[EXERCISE]
I need the lines below from the one with "ogrzewanie stacjonarne, ESP" down to the one with "开局有终身进修玩这套基本保底" reproduced exactly, both ends included, and nothing else.

[DATASET]
--*--

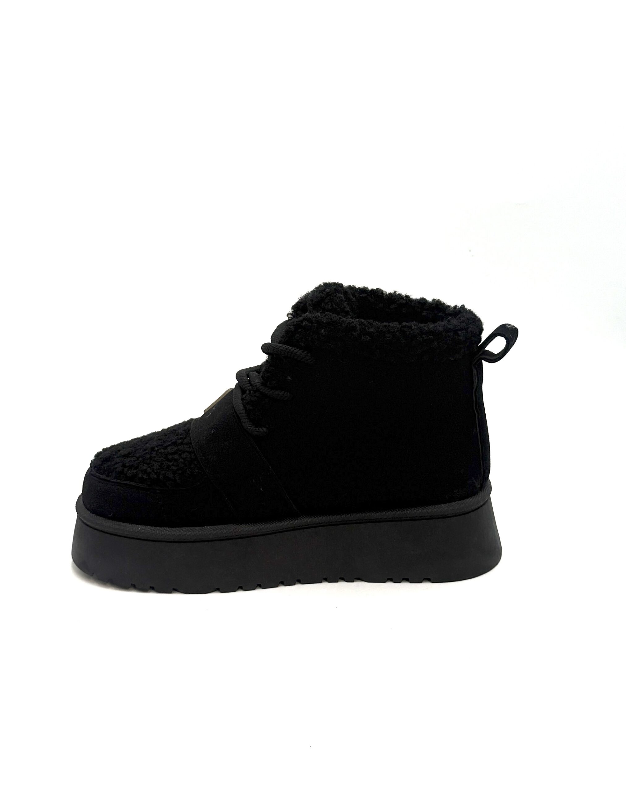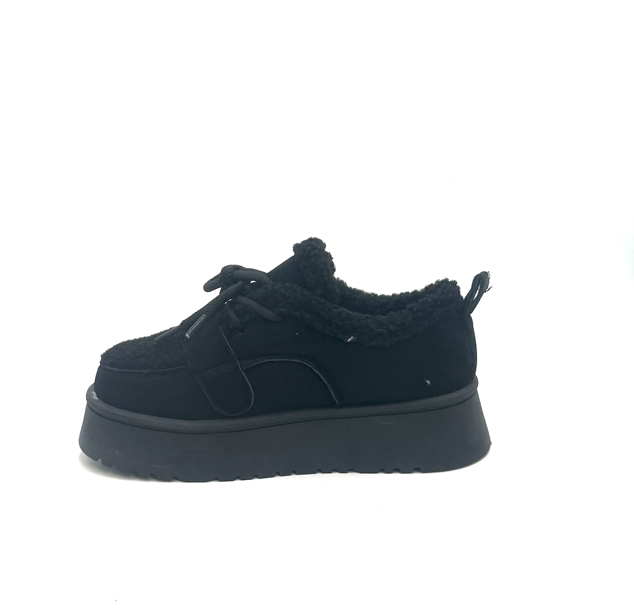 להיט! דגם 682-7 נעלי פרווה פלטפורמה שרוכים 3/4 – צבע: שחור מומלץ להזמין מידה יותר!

--*--

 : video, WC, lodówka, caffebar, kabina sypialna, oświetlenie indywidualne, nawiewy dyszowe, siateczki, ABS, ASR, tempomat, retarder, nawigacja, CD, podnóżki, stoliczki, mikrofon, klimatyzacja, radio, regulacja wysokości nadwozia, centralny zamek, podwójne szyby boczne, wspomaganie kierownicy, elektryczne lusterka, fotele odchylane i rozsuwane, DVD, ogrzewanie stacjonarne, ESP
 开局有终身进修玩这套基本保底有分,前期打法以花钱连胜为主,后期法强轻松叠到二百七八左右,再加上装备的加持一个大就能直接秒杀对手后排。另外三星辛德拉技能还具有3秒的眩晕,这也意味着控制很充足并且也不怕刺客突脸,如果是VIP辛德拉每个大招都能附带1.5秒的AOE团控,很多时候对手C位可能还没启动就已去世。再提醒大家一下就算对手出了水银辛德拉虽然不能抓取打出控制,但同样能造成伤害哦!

--*--

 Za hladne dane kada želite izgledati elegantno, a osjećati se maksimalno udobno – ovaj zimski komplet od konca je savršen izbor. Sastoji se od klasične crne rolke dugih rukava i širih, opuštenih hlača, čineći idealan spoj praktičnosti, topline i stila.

--*--

[TASK RESPONSE]
 : video, WC, lodówka, caffebar, kabina sypialna, oświetlenie indywidualne, nawiewy dyszowe, siateczki, ABS, ASR, tempomat, retarder, nawigacja, CD, podnóżki, stoliczki, mikrofon, klimatyzacja, radio, regulacja wysokości nadwozia, centralny zamek, podwójne szyby boczne, wspomaganie kierownicy, elektryczne lusterka, fotele odchylane i rozsuwane, DVD, ogrzewanie stacjonarne, ESP
 开局有终身进修玩这套基本保底有分,前期打法以花钱连胜为主,后期法强轻松叠到二百七八左右,再加上装备的加持一个大就能直接秒杀对手后排。另外三星辛德拉技能还具有3秒的眩晕,这也意味着控制很充足并且也不怕刺客突脸,如果是VIP辛德拉每个大招都能附带1.5秒的AOE团控,很多时候对手C位可能还没启动就已去世。再提醒大家一下就算对手出了水银辛德拉虽然不能抓取打出控制,但同样能造成伤害哦!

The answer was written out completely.